Trump: Promises and Uncertainty

The symbolism of President Donald Trump's pre-inaugural appearance before the Lincoln Memorial was part of his effort to show that he is sympathetic to the aspirations of the black community even though one of its leaders declared him "illegitimate" and added a boycott of Friday's swearing-in to his boycott of George W. Bush's inauguration. But it also reminded us of the ability of the republic to survive a contentious transfer of power, more contentious even than yesterday's, which saw hoodlums burning cars and trash cans in the streets of D.C.: seven states seceded even before president-elect Lincoln took the oath of office. We witnessed an American president whose vindictiveness is exceeded only by his vanity turning over power to a new president whose ignorance is exceeded only by his self-confidence. Not a combination likely to make their respective enemies eager to let bygones be bygones and come together to get on with the job of governing the nation. And anyone who hoped that our new president would offer an olive branch to the establishment against which he campaigned, had only to hear his first speech as president to know that such hopes will not be realized.

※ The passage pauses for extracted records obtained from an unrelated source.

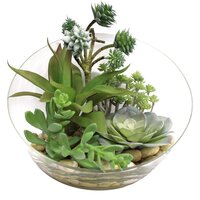 Композиция из Суккулентов Мини-садик искусственная в стеклянной вазе 25 см
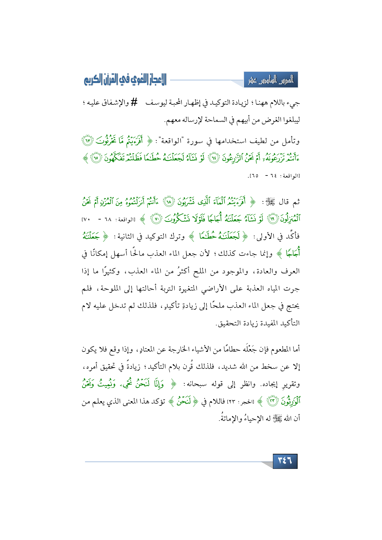 وانظر أيضًا من لطيف استخدامها في سورة الواقعة: {أَفَرَأَيْتُمْ مَا تَحْرُثُونَ * أَأَنْتُمْ تَزْرَعُونَهُ أَمْ نَحْنُ الزَّارِعُونَ * لَوْ نَشَاءُ لَجَعَلْنَاهُ حُطَامًا فَظَلْتُمْ تَفَكَّهُونَ} (الواقعة: 64 - 65) ثم قال -سبحانه وتعالى: {أَفَرَأَيْتُمُ الْمَاءَ الَّذِي تَشْرَبُونَ * أَأَنْتُمْ أَنْزَلْتُمُوهُ مِنَ الْمُزْنِ أَمْ نَحْنُ الْمُنْزِلُونَ * لَوْ نَشَاءُ جَعَلْنَاهُ أُجَاجًا فَلَوْلَا تَشْكُرُونَ} (الواقعة: 68 - 70) فأكَّد في الأولى: {لَجَعَلْنَاهُ حُطَامًا} وترك التوكيد في الثانية: {جَعَلْنَاهُ أُجَاجًا} وإنما جاءت كذلك؛ لأن جعل الماء العذب مالحًا أسهل إمكانًا في العرف والعادة، والموجود من الملح أكثرُ من الماء العذب، وكثيرًا ما إذا جرت المياه العذبة على الأراضي المتغيرة التربة أحالتها إلى الملوحة، فلم يحتج في جعل الماء العذب ملحًا إلى زيادةِ تأكيدٍ، فلذلك لم تدخل عليه لام التأكيد المفيدة زيادة التحقيق. أما المطعوم فإن جَعْلَه حطامًا من الأشياء الخارجة عن المعتادٍ، وإذا وقع فلا يكون إلا عن سخط من الله شديد، فلذلك قُرن بلام التأكيد؛ زيادةً في تحقيق أمره، وتقريرِ إيجاده. وانظر إلى قوله سبحانه: {وَإِنَّا لَنَحْنُ نُحْيِي وَنُمِيتُ وَنَحْنُ الْوَارِثُونَ} (الحجر: 23) فاللام في {لَنَحْنُ} تؤكد هذا المعنى الذي يعلم من أن الله -سبحانه وتعالى- له الإحياءُ والإماتةُ.
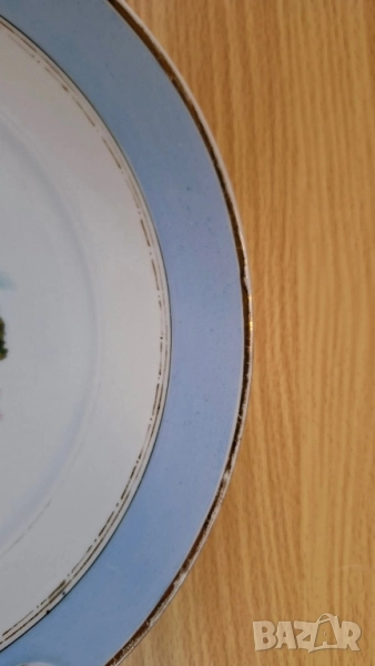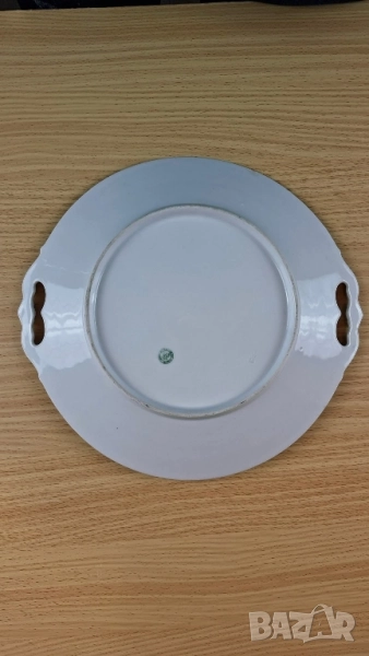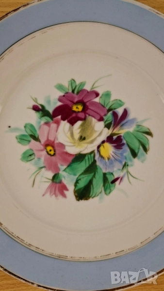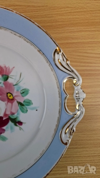 150 годишно порцеланово плато с дръжки, украсено с цветен букет в центъра, нежносин борд и позлатени орнаменти.
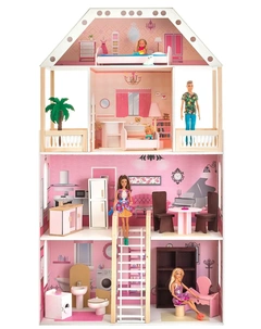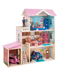 Жилище для куклы представляет собой мини-копию самого настоящего жилого дома. Его функции при этом не только развлекательные, но и образовательные, ведь малышка может наглядно видеть устройство жилища, изучать названия того или иного предмета, а также техники для кухни и других комнат.

Never-Trumpers find Trump an easy target; more serious critics find him a more difficult, moving target. An opposition senator was once asked if he had gotten a commitment from Franklin Roosevelt, and responded, "Did you ever nail a custard pie to a wall?" So with Trump, who is either adept at keeping critics off balance, or a bundle of contradictions. We will for the next four years at least be dealing with a man sufficiently thin-skinned to feel compelled to respond to criticism from Meryl Streep, an inconsequential Hollywood star, while allowing his nominees for cabinet posts to say what they think, even if they disagree with him. Which many of them do, without a tweet from their boss.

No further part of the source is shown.